_Your objective:_
Lines from the beginning of the data through the line containing "(png, 1.6 MB) |" are to be copied exactly, with no other line included.

[[ Records for processing, beginning ]]

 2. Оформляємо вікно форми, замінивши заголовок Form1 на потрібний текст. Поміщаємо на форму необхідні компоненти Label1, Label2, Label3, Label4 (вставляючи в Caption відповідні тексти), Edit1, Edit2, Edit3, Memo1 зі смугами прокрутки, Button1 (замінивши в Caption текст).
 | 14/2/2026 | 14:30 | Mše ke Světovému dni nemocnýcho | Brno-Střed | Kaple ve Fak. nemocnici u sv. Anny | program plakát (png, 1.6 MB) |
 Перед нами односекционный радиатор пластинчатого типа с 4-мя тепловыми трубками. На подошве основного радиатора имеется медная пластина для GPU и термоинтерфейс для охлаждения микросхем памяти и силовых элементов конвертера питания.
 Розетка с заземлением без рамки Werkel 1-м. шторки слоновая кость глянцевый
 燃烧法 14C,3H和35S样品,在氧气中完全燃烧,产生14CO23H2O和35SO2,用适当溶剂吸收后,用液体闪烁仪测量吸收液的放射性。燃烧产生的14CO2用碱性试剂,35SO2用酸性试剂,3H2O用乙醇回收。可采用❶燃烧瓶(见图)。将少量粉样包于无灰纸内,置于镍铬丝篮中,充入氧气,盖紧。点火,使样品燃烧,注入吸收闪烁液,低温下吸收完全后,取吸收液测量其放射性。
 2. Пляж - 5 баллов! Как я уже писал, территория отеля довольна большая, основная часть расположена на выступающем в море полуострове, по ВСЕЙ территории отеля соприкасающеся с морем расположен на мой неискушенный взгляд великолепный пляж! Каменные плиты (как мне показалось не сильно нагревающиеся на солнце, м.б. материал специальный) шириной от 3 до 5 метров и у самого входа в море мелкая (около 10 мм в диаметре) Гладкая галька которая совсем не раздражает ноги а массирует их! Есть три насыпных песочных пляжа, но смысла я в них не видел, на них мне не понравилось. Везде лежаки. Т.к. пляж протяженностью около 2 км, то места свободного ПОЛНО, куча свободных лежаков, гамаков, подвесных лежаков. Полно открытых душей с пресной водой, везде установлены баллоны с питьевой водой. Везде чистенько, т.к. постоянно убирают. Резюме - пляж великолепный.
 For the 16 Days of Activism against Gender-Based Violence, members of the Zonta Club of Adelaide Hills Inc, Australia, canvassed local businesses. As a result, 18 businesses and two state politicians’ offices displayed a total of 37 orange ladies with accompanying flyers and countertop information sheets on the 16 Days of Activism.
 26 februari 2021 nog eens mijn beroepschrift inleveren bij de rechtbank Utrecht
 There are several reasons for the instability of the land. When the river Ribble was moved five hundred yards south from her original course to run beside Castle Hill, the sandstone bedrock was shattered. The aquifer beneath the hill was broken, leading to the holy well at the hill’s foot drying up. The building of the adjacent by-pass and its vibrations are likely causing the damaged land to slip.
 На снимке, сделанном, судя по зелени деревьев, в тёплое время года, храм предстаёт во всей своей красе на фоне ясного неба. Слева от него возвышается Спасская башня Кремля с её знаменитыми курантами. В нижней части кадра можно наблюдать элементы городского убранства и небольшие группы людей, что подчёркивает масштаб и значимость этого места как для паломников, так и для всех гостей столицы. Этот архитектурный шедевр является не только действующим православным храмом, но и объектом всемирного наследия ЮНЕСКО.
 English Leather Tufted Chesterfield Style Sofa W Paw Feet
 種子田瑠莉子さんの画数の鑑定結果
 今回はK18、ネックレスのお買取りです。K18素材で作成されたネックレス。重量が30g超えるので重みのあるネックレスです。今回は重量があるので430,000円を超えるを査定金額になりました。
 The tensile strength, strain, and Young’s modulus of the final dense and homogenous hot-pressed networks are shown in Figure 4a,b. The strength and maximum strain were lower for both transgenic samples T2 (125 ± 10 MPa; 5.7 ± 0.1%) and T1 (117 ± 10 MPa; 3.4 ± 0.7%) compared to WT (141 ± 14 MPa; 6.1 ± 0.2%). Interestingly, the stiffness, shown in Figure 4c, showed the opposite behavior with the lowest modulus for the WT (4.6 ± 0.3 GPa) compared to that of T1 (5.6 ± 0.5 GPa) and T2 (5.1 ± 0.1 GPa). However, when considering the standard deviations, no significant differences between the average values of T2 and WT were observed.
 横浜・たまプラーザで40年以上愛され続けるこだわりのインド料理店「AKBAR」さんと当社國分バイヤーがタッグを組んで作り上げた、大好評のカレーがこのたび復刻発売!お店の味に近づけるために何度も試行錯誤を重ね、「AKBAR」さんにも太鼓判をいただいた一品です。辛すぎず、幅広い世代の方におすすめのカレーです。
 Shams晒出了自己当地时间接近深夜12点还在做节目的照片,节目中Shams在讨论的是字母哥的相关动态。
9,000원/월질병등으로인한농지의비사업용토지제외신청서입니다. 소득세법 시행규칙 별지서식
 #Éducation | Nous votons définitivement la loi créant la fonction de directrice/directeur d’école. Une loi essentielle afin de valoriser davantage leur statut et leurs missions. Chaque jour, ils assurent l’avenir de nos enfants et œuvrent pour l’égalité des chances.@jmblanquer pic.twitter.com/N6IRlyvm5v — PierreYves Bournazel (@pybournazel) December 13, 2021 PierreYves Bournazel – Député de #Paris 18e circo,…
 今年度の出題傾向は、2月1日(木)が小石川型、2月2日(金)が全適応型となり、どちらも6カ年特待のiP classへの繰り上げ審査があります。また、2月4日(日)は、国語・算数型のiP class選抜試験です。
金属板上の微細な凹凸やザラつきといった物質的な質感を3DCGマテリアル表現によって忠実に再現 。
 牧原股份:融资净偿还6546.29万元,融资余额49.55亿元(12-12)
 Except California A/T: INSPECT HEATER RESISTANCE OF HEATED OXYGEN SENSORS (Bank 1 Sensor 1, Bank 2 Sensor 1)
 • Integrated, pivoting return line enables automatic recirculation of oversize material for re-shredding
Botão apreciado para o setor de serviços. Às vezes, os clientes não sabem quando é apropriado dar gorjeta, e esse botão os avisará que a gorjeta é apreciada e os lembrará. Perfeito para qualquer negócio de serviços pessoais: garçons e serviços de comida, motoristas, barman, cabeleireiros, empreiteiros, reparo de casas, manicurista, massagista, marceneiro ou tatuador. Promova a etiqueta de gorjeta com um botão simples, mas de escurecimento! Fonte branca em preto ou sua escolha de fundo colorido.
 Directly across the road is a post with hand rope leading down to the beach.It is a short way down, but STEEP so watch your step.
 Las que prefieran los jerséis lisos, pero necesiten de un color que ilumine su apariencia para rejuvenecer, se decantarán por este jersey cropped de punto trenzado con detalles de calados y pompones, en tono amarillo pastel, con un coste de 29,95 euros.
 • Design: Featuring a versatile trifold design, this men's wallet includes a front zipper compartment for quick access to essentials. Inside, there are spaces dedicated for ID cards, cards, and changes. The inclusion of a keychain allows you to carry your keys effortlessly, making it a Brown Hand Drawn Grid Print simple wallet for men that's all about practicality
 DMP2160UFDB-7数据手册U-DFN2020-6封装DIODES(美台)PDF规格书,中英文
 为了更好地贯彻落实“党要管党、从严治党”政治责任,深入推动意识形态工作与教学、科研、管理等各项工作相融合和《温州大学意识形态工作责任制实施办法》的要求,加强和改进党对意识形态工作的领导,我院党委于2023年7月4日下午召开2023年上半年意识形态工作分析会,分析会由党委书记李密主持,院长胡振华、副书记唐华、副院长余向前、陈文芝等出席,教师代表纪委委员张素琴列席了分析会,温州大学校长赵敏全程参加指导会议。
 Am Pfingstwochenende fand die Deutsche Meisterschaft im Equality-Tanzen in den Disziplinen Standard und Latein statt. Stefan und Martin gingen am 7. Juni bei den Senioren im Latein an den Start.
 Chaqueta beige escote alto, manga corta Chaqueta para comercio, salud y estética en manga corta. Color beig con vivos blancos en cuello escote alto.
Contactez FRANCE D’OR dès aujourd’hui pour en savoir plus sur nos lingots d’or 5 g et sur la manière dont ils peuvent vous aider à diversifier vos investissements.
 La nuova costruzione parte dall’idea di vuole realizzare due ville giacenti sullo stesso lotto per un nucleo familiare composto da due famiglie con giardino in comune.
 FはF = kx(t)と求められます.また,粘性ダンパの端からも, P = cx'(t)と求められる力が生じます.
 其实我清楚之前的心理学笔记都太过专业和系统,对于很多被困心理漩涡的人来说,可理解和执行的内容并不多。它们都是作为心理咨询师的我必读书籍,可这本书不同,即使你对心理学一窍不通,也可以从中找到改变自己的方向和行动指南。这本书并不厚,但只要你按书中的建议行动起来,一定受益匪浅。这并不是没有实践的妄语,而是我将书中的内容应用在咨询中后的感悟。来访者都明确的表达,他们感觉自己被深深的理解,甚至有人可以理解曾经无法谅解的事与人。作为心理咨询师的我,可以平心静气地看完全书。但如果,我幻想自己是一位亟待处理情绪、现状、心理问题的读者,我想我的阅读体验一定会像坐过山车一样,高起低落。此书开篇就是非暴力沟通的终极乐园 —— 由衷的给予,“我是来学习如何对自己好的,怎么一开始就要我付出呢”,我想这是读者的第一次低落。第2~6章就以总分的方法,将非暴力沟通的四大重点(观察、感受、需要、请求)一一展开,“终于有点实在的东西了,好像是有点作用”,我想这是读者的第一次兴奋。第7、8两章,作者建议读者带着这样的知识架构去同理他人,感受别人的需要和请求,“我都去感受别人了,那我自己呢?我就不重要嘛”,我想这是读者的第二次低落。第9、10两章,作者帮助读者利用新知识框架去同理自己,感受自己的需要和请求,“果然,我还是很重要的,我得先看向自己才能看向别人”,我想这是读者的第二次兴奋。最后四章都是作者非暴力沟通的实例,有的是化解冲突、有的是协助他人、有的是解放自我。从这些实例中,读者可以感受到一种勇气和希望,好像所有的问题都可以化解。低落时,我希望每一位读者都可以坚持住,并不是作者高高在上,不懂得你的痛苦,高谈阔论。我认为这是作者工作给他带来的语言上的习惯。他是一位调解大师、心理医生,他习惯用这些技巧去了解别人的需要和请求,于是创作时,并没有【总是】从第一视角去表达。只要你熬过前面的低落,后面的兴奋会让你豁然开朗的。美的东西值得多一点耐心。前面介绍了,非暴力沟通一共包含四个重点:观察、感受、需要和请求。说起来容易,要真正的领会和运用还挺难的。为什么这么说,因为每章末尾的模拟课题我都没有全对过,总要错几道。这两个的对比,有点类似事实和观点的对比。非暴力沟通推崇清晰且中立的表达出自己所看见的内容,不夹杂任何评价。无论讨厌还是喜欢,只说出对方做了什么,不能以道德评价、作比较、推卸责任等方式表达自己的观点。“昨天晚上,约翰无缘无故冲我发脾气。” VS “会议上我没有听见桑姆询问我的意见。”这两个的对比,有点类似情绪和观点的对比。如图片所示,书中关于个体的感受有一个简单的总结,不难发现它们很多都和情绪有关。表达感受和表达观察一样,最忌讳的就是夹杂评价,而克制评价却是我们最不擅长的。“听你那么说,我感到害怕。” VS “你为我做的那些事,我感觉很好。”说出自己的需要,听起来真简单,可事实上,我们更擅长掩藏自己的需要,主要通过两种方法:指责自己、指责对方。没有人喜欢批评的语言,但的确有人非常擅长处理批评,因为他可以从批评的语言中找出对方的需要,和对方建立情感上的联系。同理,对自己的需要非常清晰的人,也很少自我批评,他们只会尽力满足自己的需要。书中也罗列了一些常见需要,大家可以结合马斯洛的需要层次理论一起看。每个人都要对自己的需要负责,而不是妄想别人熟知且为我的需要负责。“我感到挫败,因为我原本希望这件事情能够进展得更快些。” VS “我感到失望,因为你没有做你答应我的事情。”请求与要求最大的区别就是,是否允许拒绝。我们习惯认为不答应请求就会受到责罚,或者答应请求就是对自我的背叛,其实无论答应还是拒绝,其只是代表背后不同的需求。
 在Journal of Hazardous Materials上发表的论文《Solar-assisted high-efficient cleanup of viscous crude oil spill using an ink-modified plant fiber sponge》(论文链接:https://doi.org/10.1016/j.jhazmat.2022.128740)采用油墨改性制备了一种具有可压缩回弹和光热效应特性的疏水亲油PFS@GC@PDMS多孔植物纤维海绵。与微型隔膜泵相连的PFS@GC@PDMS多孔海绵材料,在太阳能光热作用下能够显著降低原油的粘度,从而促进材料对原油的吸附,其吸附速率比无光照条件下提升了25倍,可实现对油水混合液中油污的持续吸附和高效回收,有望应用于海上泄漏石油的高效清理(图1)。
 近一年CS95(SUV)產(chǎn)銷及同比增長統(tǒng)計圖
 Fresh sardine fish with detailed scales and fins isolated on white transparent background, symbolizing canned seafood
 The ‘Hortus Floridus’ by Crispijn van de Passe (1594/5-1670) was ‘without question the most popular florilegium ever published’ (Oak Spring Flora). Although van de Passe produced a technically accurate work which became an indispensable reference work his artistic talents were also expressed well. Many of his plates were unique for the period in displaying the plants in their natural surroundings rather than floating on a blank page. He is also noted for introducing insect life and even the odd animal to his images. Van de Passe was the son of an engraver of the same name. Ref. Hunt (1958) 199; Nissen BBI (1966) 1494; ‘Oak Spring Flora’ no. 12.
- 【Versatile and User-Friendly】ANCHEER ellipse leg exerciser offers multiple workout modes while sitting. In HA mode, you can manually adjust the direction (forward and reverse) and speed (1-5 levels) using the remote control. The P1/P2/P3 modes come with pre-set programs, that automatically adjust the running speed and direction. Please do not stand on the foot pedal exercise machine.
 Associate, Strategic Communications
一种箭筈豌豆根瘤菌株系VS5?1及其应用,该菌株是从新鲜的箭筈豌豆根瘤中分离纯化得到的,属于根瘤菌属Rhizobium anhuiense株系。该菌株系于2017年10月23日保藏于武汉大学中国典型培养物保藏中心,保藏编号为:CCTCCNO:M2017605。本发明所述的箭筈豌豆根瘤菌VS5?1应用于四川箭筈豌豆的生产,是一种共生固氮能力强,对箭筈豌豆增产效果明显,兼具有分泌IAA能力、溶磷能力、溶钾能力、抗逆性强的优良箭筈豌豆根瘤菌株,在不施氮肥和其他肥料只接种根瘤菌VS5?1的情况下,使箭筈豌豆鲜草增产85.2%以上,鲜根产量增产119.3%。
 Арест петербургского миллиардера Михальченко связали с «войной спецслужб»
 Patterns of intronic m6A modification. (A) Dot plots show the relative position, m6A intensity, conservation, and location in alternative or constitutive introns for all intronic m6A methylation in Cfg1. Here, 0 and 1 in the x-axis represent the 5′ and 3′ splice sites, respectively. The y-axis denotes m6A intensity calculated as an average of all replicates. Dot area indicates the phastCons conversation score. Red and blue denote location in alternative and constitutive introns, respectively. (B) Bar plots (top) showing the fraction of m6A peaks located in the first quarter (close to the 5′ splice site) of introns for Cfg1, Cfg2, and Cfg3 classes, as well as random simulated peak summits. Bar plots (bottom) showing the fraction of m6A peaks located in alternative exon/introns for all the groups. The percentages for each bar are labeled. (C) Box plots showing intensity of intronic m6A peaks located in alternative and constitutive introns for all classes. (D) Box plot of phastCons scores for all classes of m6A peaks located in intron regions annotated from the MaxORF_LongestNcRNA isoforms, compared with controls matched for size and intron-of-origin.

[[ Records for processing, end ]]

_Solved exercise:_
 2. Оформляємо вікно форми, замінивши заголовок Form1 на потрібний текст. Поміщаємо на форму необхідні компоненти Label1, Label2, Label3, Label4 (вставляючи в Caption відповідні тексти), Edit1, Edit2, Edit3, Memo1 зі смугами прокрутки, Button1 (замінивши в Caption текст).
 | 14/2/2026 | 14:30 | Mše ke Světovému dni nemocnýcho | Brno-Střed | Kaple ve Fak. nemocnici u sv. Anny | program plakát (png, 1.6 MB) |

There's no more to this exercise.